BEGIN INFORMATION SUPPLIED
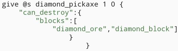 用法:{"can_destroy/can_place_on":{"blocks":["方块ID","方块ID"]}}\
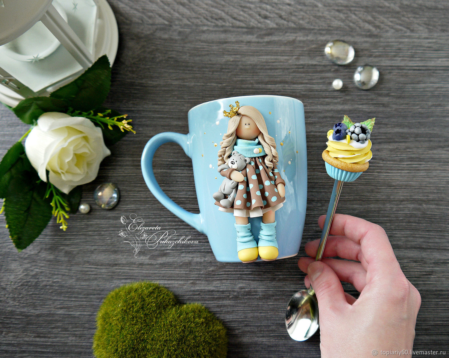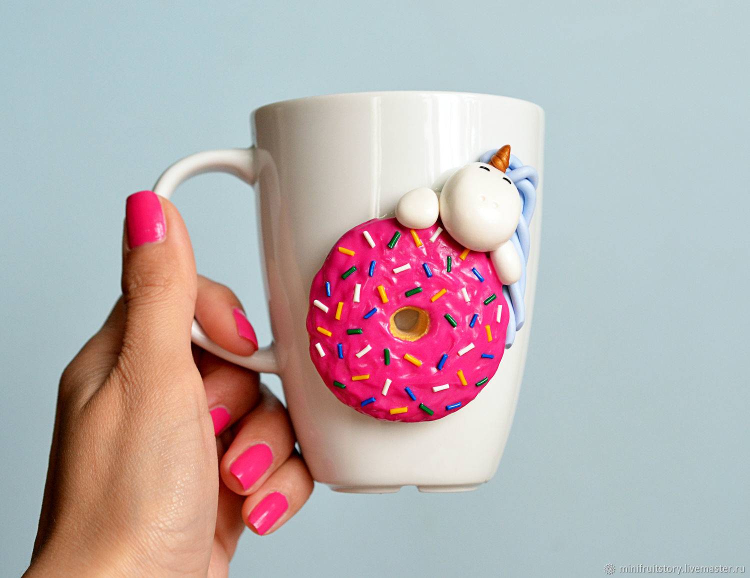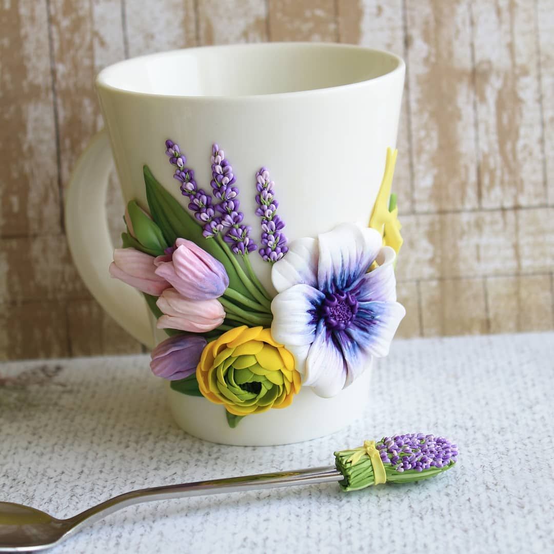 Кружки, декорированные полимерной глиной (запекаемой полимерной глиной), в последнее время стали очень популярны. Этот удивительный материал, так похожий на пластилин, отлично подходит для создания удивительных поделок, и, в то же время, помогает сохранить эту красоту на долгие годы. Мастерица создает эти кружки на заказ, учит работать с этой глиной на мастер-классах и охотно делится своими секретами. Обязательно попробуйте поработать с полимерной глиной, ведь сделать такой подарок своими руками на удивление легко!
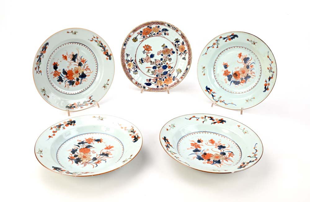 Cinque piatti diversi in porcellana Imari, XVIII secolo quattro uguali ed uno dalle simili caratteristiche decorative diametro cm 23 (quattro) e cm 22,5
END INFORMATION SUPPLIED
** WHAT YOU NEED TO DO **
Reproduce exactly the lines from the beginning of the material down to the line containing "Кружки, декорированные полимерной", both ends included, but not the pictures or anything after.

** SOLUTION FOR THIS EXERCISE **
 用法:{"can_destroy/can_place_on":{"blocks":["方块ID","方块ID"]}}\
 Кружки, декорированные полимерной глиной (запекаемой полимерной глиной), в последнее время стали очень популярны. Этот удивительный материал, так похожий на пластилин, отлично подходит для создания удивительных поделок, и, в то же время, помогает сохранить эту красоту на долгие годы. Мастерица создает эти кружки на заказ, учит работать с этой глиной на мастер-классах и охотно делится своими секретами. Обязательно попробуйте поработать с полимерной глиной, ведь сделать такой подарок своими руками на удивление легко!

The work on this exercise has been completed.